┌────────
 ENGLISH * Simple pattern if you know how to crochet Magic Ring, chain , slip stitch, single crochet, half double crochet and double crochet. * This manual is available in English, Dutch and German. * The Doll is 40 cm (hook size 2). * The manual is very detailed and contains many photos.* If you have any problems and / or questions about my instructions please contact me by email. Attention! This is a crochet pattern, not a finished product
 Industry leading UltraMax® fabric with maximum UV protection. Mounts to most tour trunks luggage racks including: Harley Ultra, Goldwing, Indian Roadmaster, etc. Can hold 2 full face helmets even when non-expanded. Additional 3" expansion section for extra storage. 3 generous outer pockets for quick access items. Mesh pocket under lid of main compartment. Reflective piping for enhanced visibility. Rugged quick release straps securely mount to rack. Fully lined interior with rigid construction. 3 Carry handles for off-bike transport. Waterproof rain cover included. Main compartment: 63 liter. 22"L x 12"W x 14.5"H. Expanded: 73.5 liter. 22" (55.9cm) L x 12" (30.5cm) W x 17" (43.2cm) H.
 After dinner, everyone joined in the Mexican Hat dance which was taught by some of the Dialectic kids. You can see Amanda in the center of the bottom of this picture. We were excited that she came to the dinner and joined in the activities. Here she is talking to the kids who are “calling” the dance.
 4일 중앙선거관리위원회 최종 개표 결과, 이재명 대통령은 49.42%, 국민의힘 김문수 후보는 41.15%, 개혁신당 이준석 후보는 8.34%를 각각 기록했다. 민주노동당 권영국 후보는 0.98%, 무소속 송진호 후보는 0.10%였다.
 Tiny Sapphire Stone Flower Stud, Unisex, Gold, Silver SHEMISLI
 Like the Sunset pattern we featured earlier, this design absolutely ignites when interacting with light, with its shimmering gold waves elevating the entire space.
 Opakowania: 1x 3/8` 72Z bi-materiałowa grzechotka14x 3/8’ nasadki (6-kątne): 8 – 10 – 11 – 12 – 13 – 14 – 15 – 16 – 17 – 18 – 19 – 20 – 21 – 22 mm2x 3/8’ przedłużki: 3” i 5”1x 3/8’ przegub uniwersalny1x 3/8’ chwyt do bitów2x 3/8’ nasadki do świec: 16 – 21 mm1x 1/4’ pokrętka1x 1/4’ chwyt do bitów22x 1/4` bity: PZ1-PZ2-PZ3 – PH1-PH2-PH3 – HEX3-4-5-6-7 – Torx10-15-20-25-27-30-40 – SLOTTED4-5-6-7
└────────
## [PROBLEM REQUIREMENTS]
Look above for the line holding "4일 중앙선거관리위원회 최종" and the line holding "Like the Sunset". Retype both, and every line between them, word for word and nothing else.

## [ANSWER BOX]
 4일 중앙선거관리위원회 최종 개표 결과, 이재명 대통령은 49.42%, 국민의힘 김문수 후보는 41.15%, 개혁신당 이준석 후보는 8.34%를 각각 기록했다. 민주노동당 권영국 후보는 0.98%, 무소속 송진호 후보는 0.10%였다.
 Tiny Sapphire Stone Flower Stud, Unisex, Gold, Silver SHEMISLI
 Like the Sunset pattern we featured earlier, this design absolutely ignites when interacting with light, with its shimmering gold waves elevating the entire space.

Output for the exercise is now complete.